═════ PROVIDED MATERIAL

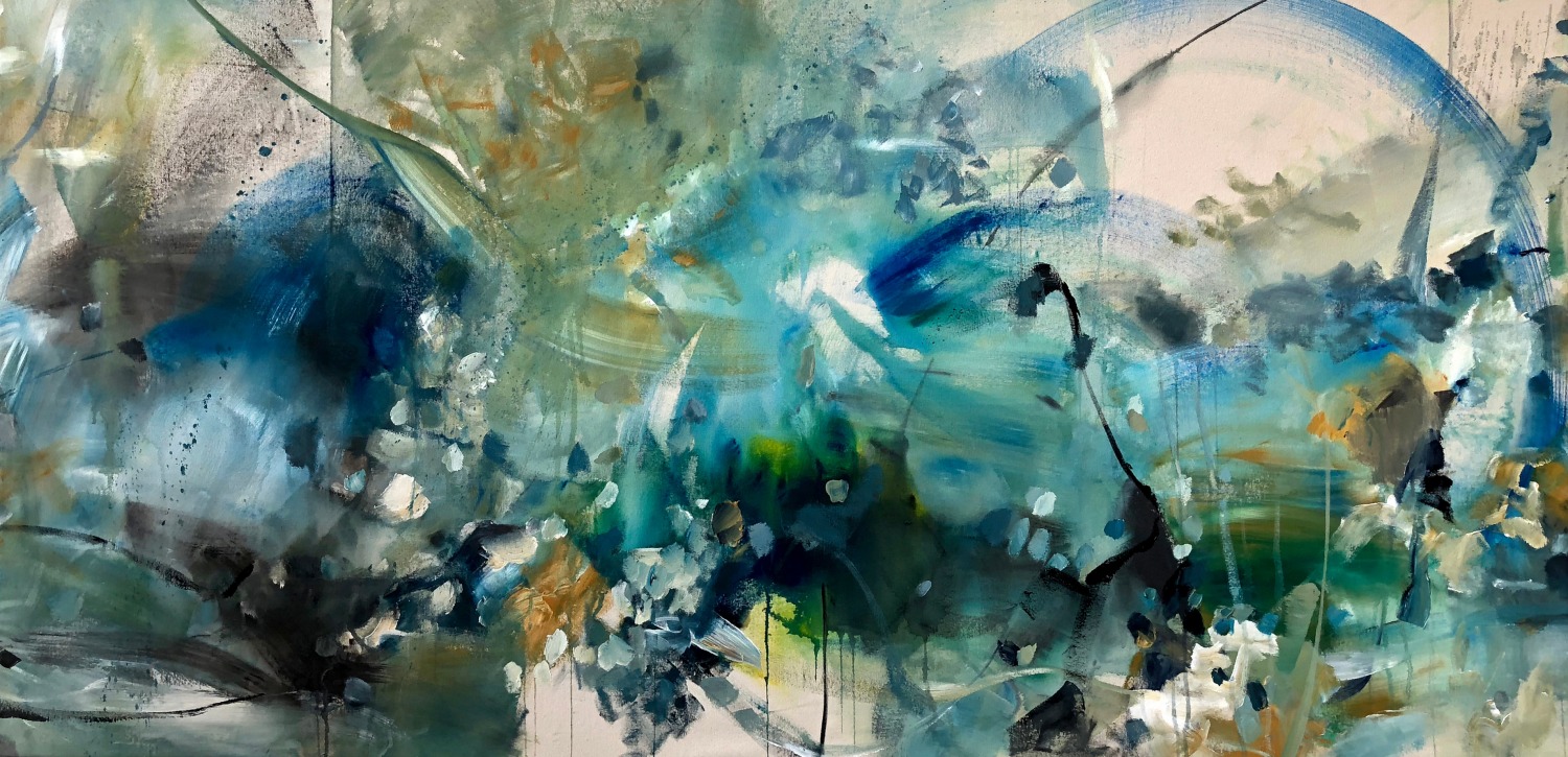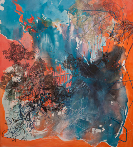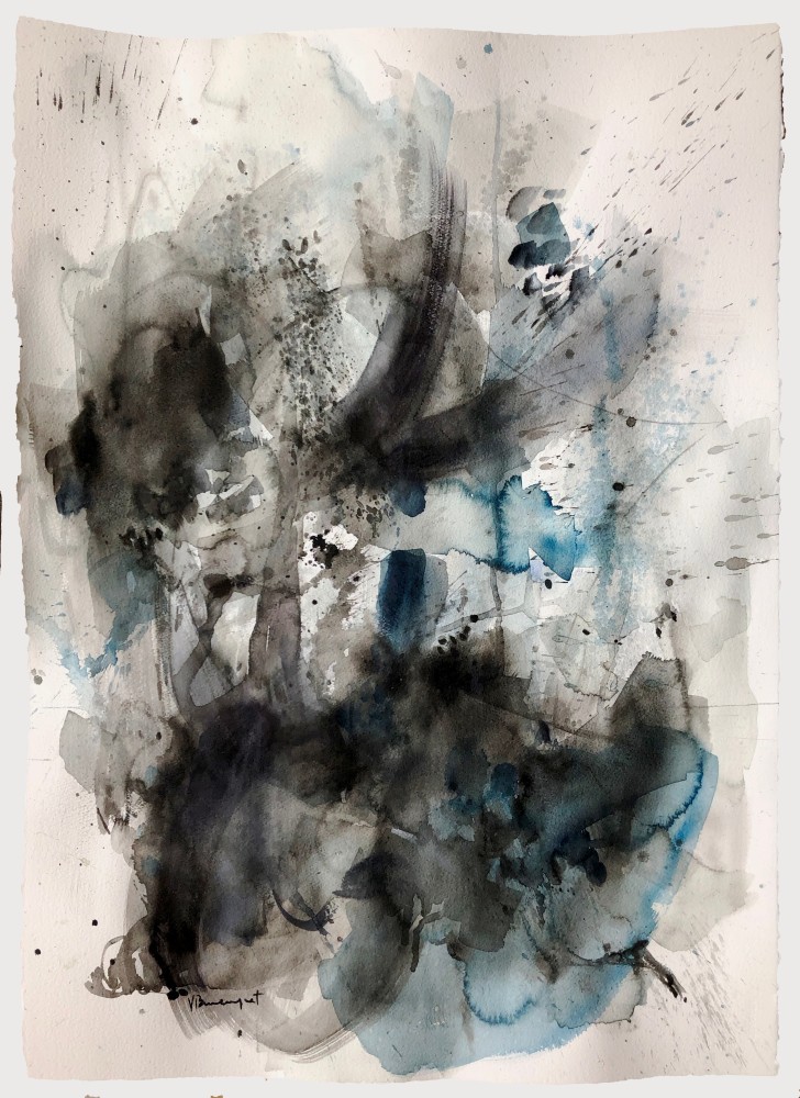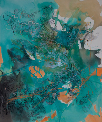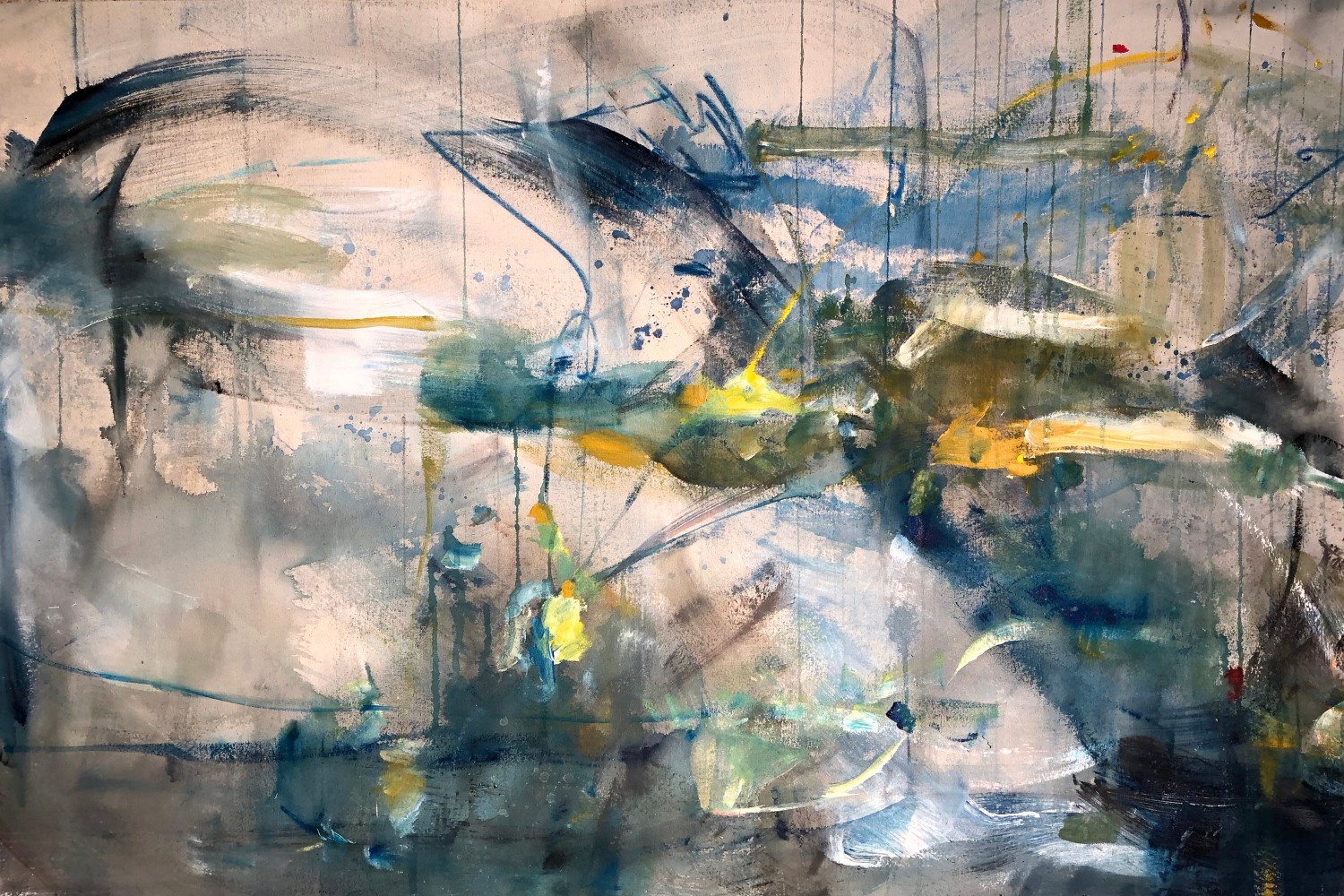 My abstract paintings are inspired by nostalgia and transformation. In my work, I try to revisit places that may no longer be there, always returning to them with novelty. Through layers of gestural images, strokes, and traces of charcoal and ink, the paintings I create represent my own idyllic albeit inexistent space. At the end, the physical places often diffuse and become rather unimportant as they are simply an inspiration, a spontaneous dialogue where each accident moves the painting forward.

══════════
═════ PROVIDED MATERIAL

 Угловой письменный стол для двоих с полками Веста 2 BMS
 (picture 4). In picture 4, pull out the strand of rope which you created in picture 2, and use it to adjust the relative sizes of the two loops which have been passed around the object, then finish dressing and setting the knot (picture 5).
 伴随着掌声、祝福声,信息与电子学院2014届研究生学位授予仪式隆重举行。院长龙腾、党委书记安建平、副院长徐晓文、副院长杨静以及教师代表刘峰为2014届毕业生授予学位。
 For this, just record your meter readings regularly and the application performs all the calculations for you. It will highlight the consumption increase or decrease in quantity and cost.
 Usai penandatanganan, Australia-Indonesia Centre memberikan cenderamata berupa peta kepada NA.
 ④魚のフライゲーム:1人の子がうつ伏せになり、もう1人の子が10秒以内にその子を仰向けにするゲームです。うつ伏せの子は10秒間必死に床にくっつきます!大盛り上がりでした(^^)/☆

══════════
═════ PROVIDED MATERIAL

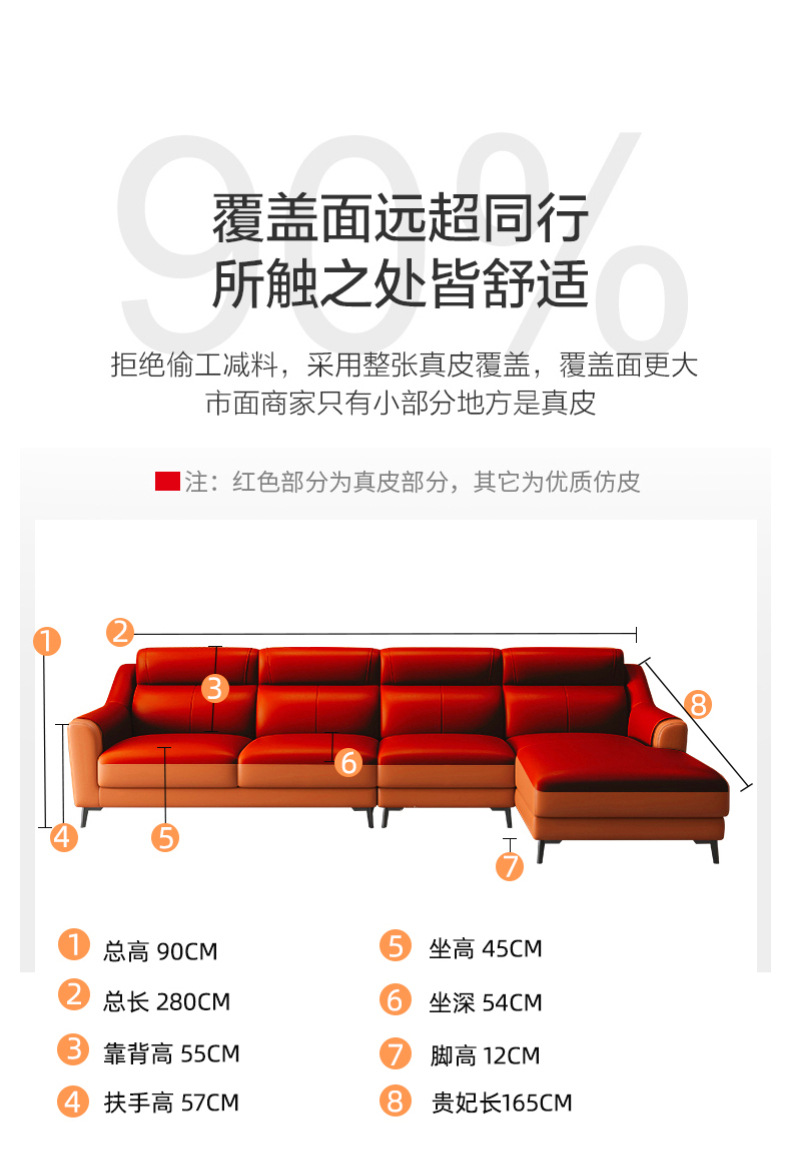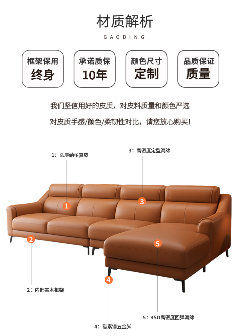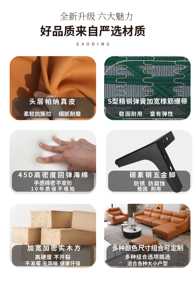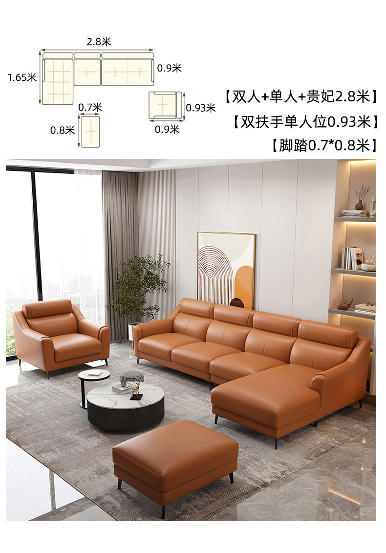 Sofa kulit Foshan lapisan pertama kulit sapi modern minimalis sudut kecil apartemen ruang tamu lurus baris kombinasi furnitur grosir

══════════

From the data above, reproduce word for word the lines running from the line with "Угловой письменный стол" to the line with "④魚のフライゲーム:1人の子", ends included.

 Угловой письменный стол для двоих с полками Веста 2 BMS
 (picture 4). In picture 4, pull out the strand of rope which you created in picture 2, and use it to adjust the relative sizes of the two loops which have been passed around the object, then finish dressing and setting the knot (picture 5).
 伴随着掌声、祝福声,信息与电子学院2014届研究生学位授予仪式隆重举行。院长龙腾、党委书记安建平、副院长徐晓文、副院长杨静以及教师代表刘峰为2014届毕业生授予学位。
 For this, just record your meter readings regularly and the application performs all the calculations for you. It will highlight the consumption increase or decrease in quantity and cost.
 Usai penandatanganan, Australia-Indonesia Centre memberikan cenderamata berupa peta kepada NA.
 ④魚のフライゲーム:1人の子がうつ伏せになり、もう1人の子が10秒以内にその子を仰向けにするゲームです。うつ伏せの子は10秒間必死に床にくっつきます!大盛り上がりでした(^^)/☆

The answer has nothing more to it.